D.A. Has Diverse Team of Prosecutors

In a parish that is only 51 percent white in registered voters, East Baton Rouge Parish District Attorney Hillar Moore thinks it is essential that all segments of the community be represented in the DA’s office.  It’s essential to build trust, he told the Ronald Reagan Newsmaker Luncheon meeting at Café Américain.
“Nationally, only four percent of attorneys are black, and only one percent of prosecutors are black,” he said. That can create a divide in the community, he said, which is why things are very different in the East Baton Rouge Parish District Attorney’s office.
The DA’s office is actually the largest law firm in the city with more than 160 employees.  Of these, there are 60 assistant district attorneys, who are organized into 10 sections.  Of Hillar Moore’s 10 section chiefs, five are black, he said. “They were chosen because of their ability, character, and reputation,” he said.
District Attorney Moore has himself held virtually every position on the DA’s staff, starting as an investigator in the 1970’s.  He earned a bachelor’s degree in criminal justice  from LSU and earned a law degree from Southern University. He has been in the criminal justice field for more than 40 years.
He has served as president of the Louisiana District Attorney’s Association. To the surprise of many, he is a Democrat, although he says party really plays no role in his work as District Attorney.
When the Alton Sterling case arose last year, Moore recused himself because he had some connection to the family of one of the officers involved.
However, he and his office will be very much involved if there are protests or violence when the U.S. Justice Department announces what it will do in the Alton Sterling case.        The District Attorney and his office have worked with other agencies to reform the procedure to be followed when officer-involved shootings occur in East Baton Rouge Parish.
Now when the Baton Rouge City Police or East Baton Rouge Sheriff’s office experience an officer-involved shooting, the investigation is handled by State Police, rather than the agency directly involved in the case. He said reports and videos in such cases will also be made public.
Moore said many of the homicides in East Baton Rouge Parish involve domestic violence, and that is difficult to prevent. On the other hand, gang violence can be controlled. The BRAVE task force is attacking that problem, and the District Attorney’s office is playing a major role in that initiative, he said.
One of the ways BRAVE can help is identifying sources of violence before they happen. “Kids let you know if they have a beef with someone. We can go to both parties and calm things down before it turns violent,” he said.
The backbone of law enforcement in the City of Baton Rouge is uniform patrol, he said.  Mayor-President Sharon Weston Broome has asked Baton Rouge Police Chief Carl D’Abadie to resign but he has so far refused.  Under Civil Service rules, he can only be removed from office for cause.  “I’ve expressed my opinion that Chief D’Abadie is doing a great job,” Moore said.

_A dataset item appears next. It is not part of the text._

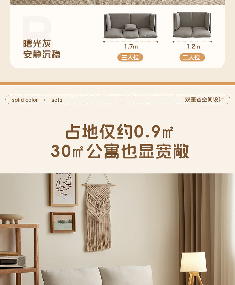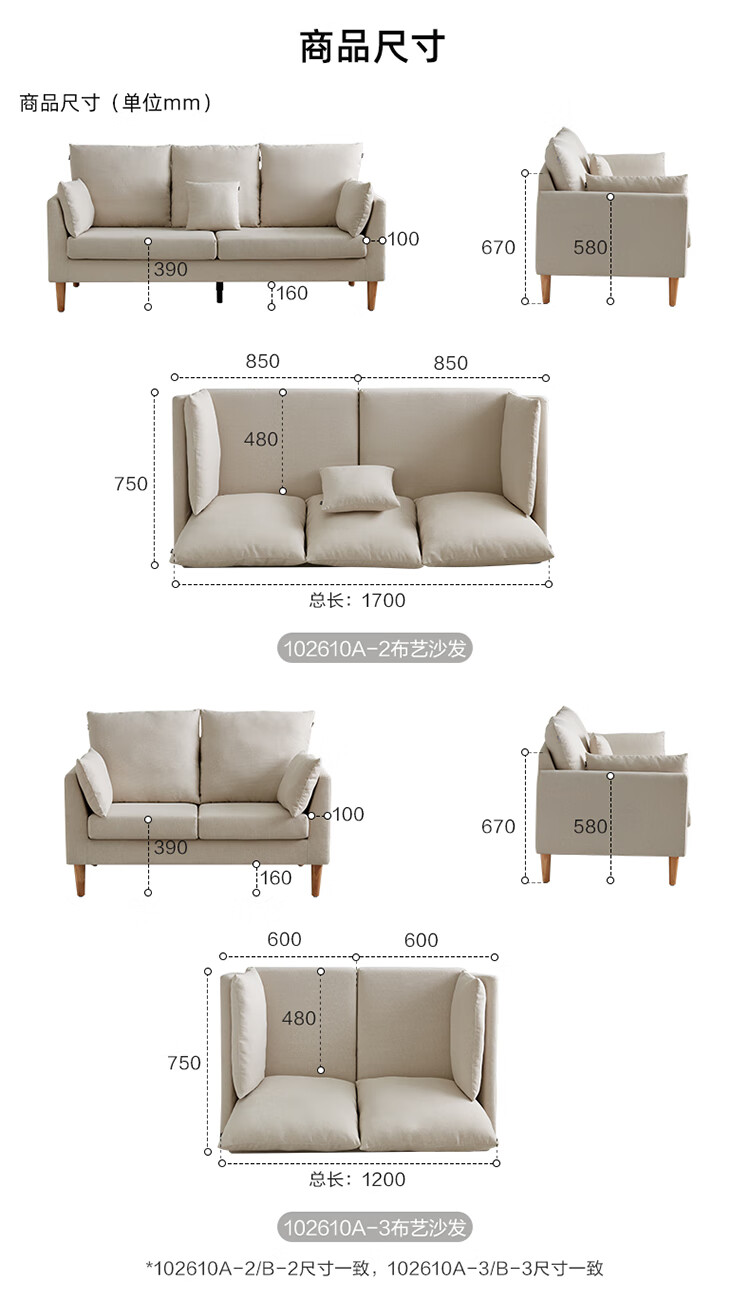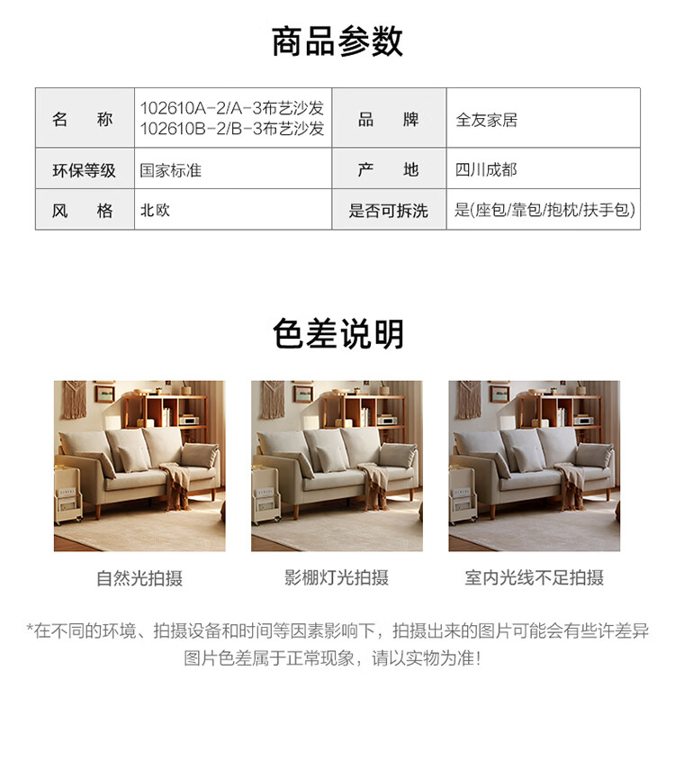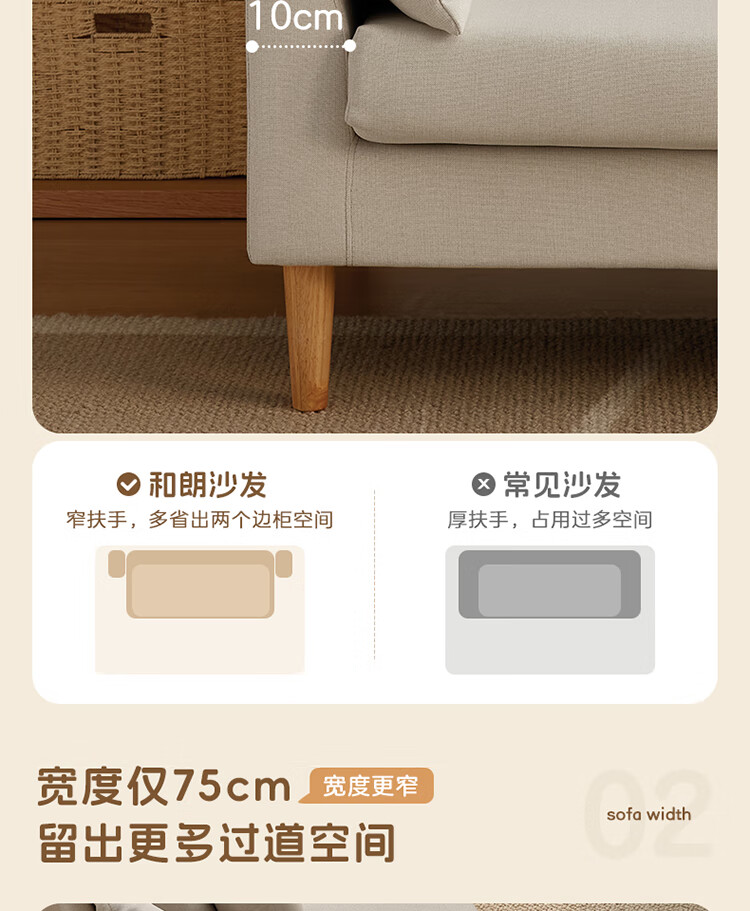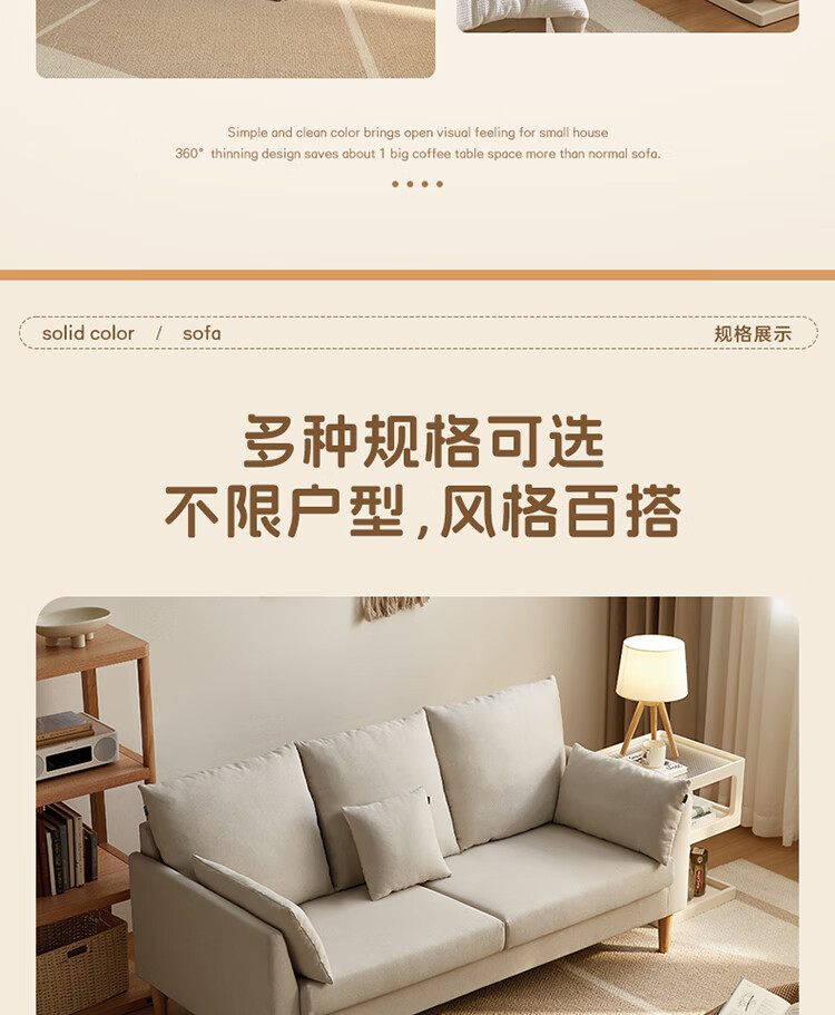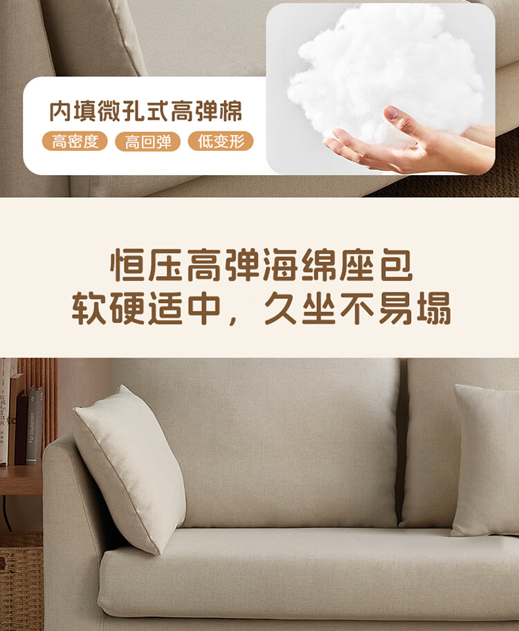 Quanyou Home Modern Simple Furniture Fabric Sofa Small Apartment Home Bedroom Living Room Solid Wood Leg Three-Seater Sofa

With regard to the Alton Sterling case, Moore said, “When the decision comes down, law enforcement will be prepared.  We have guidelines on how everyone will act.”
“We welcome peaceful protest.  However, those who come from out of town with guns or who try to burn down buildings or block the Interstate or commit violence against the police or our citizens, that will not be permitted,” he said.
Ironically, during protests, the favorite weapon of choice is not guns but bottled water.  When thrown, they can injure or even kill someone, he said.
Moore said he was disappointed that President Trump asked for the resignation of U.S. Attorney Walt Green, who was appointed by President Obama.  Moore said Green is not a partisan but an objective law enforcement professional.  The new acting U.S. Attorney is Corey Amundson.
When told the District Attorney’s office is one of the most powerful positions in government because of its ability to have people charged with a crime, Hillar Moore agreed.
“That’s why it’s so important that a District Attorney hold that power close and only use it when necessary,” he said.